FBK Legal on ECHR Decision to Find no Violation in Unionisation Restrictions for Russian Prisoners

10 December 2021

Alexandra Gerasimova has commented for Attorney's Newspaper on a decision made by the ECHR confirming that it is not a violation that Russian prisoners cannot set up trade unions.

An inspection at Penal Colony No.7 in the Republic of Sakha (Yakutiya), Russia, revealed that its administration regularly violated inmates? rights. In February 2006, inmates of that colony decided to set up a trade union and join a regional trade-union federation. However, two months later as a result of changes in the legislation, convicts in Russia lost their rights to be founders or members of public associations.

Then the local prosecutor's office found the trade union set up by the inmates unlawful because prison work was a method of correction and not a professional activity, so the Public Associations Act did not apply to them. The Yakut Republican Trade-Union Federation did not expel the union from the federation citing the International Labour Organisation (ILO) Convention, which protected trade unions from government intrusion.

There were several court proceedings to challenge that decision. In the end, the Supreme Court of the Republic of Sakha upheld the expulsion of the union from the federation.
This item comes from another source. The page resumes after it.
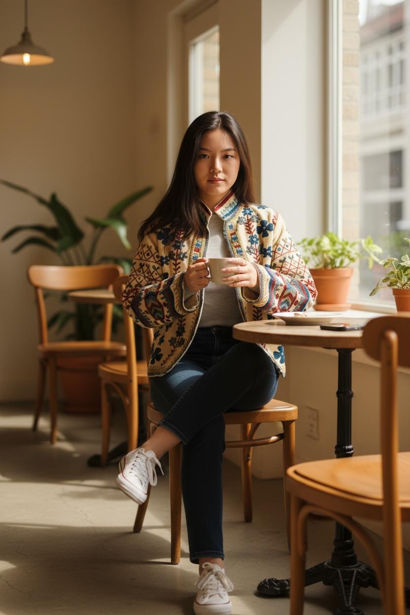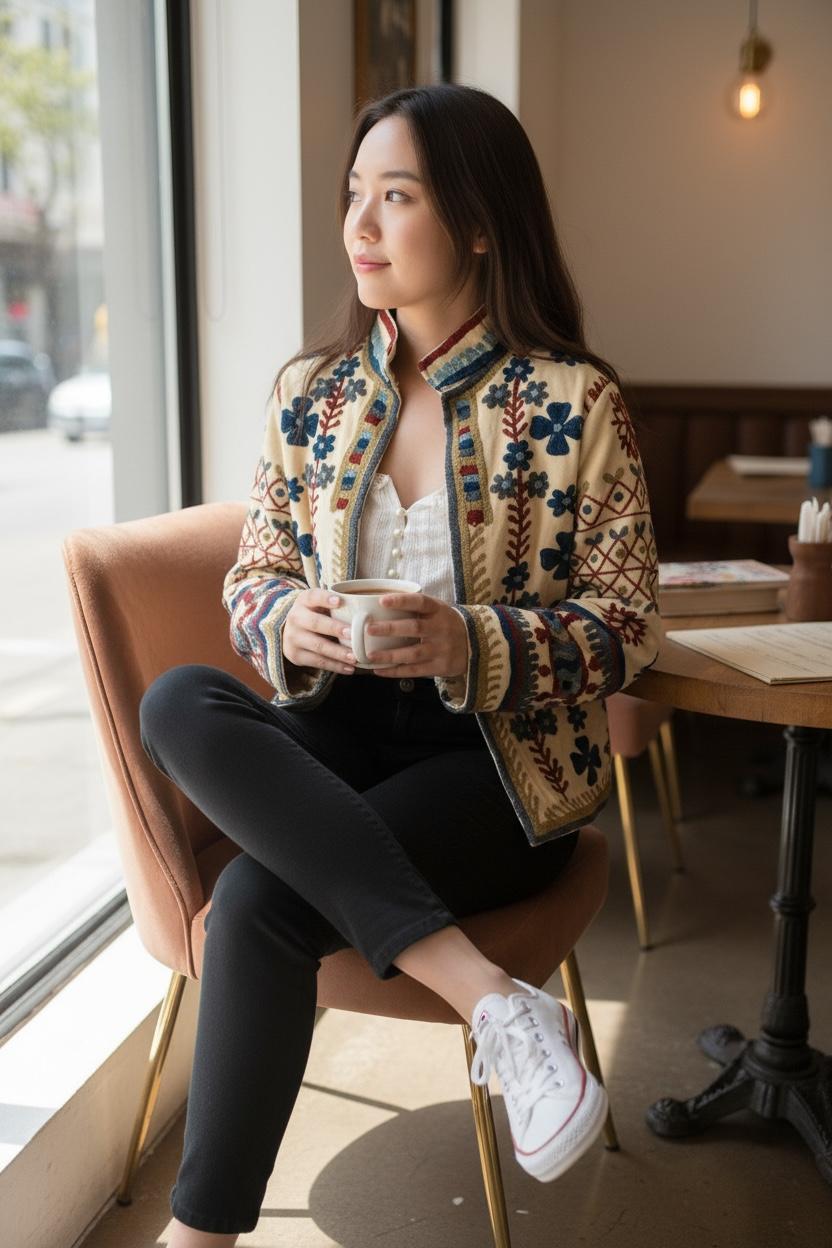 米白色底企領併植物重工刺繡外套

A representative of the Yakut Republican Trade-Union Federation applied to the ECHR claiming violation of articles 6 and 11 of the Convention for the Protection of Human Rights and Fundamental Freedoms that guaranteed the right to a fair trial, and freedom of assembly and association. The Government of the Russian Federation argued that the complaint was inadmissible for five reasons. The ECHR considered the complaint and declared that there was no legislative ban on prisoners forming and joining trade unions in Russia, but the Court did not find any violation of article 11 of the Convention.
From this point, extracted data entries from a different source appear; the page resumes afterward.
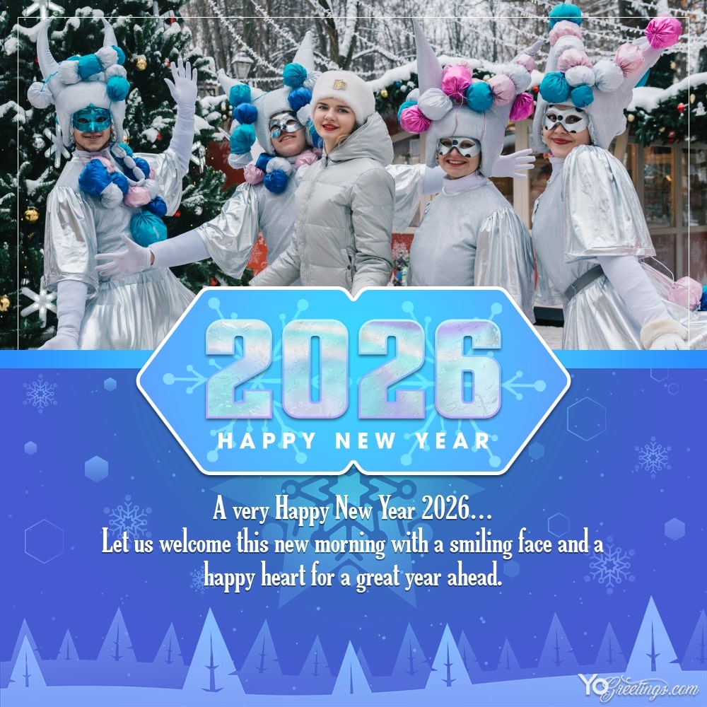 Share the New Year spirit and joy this New Year 2026 with these beautiful cards! Colorful Sparkling New Year 2026 Greeting Cards & Wishes. Happy new year 2026 images with photo frames and wishes is a special way to make amazing happy new year images. Browse our special collection of New Year 2026 Greeting Cards and personalize a message and photo to send holiday greeting cards to your family and friends!
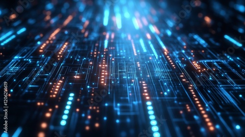 Futuristic digital lines and glowing nodes form an intricate pattern on a dark background, symbolizing technology and connectivity in a modern landscape.
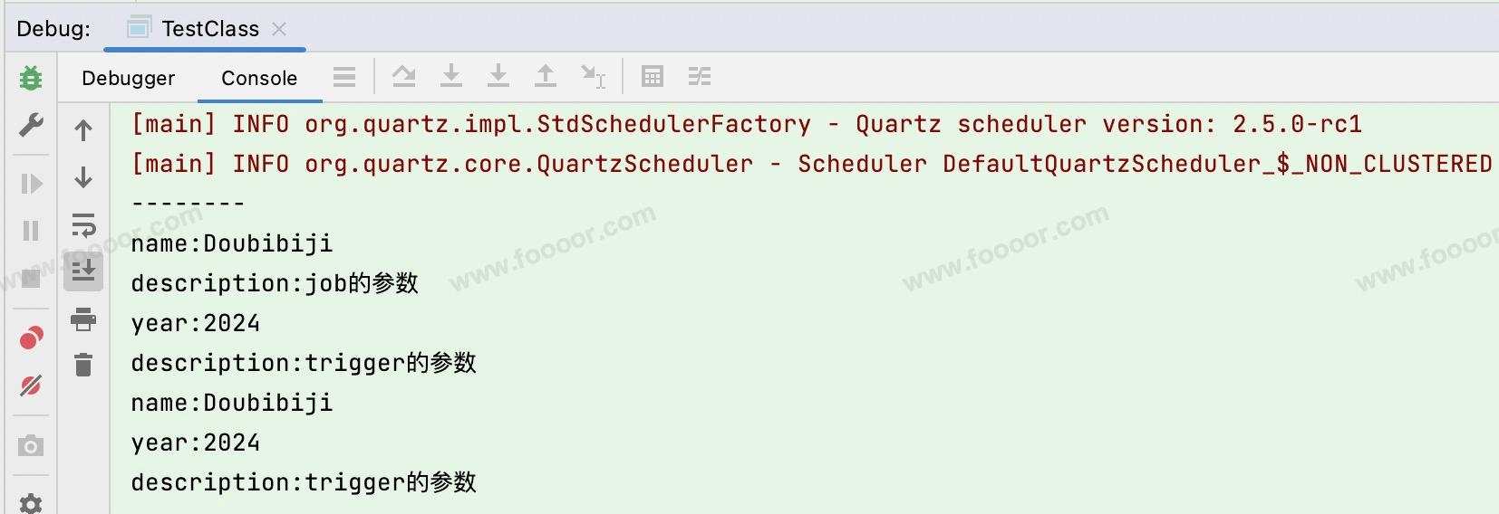 接收参数有两种方式,一种是在 Job 中获取到 JobDataMap 对象,通过 JobDataMap 获取参数。一种是通过 Job 中的属性来接收参数。

Alexandra Gerasimova says that the ECHR raised important legal issues, for example, about the application of the labour law to forced prison work, prisoners? right to join associations, and the balance between prisoners? rights and public interests related to safety in prisons.
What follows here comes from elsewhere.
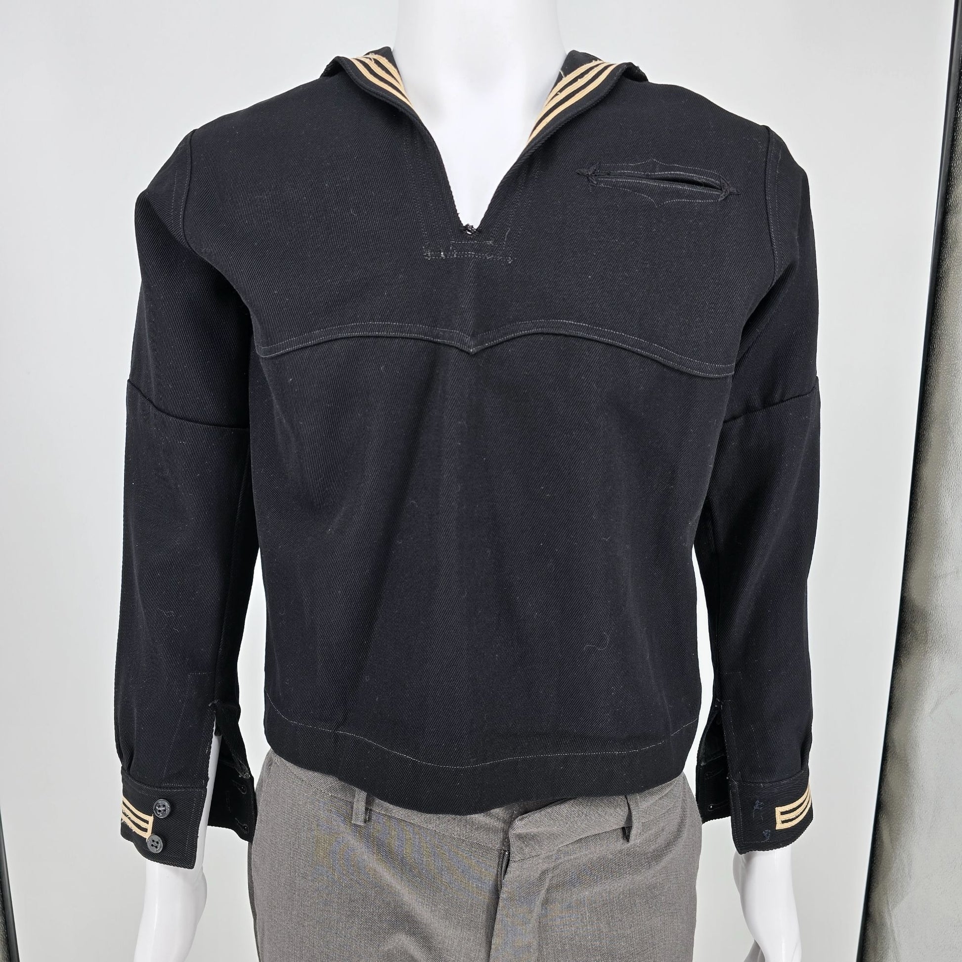 Vintage 1950s US Navy Black Gabardine Wool Crackerjack Liberty Jumper (40/M)
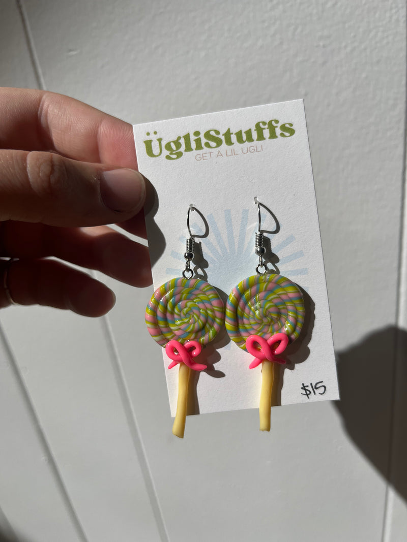 Lucky Lolly Dangles | Handmade Clay Lollipop Earrings

The lawyer assumes that in that case the Court kept an option to reconsider the position in the future, because its decision corresponds to the current position of the Constitutional Court that justifies its approach by the difference in the legal nature of free and forced labour. Alexandra believes that in accordance with the Russian law, it is doubtful that the opposite decision of the ECHR would have been enforced and led to mass creation of trade unions.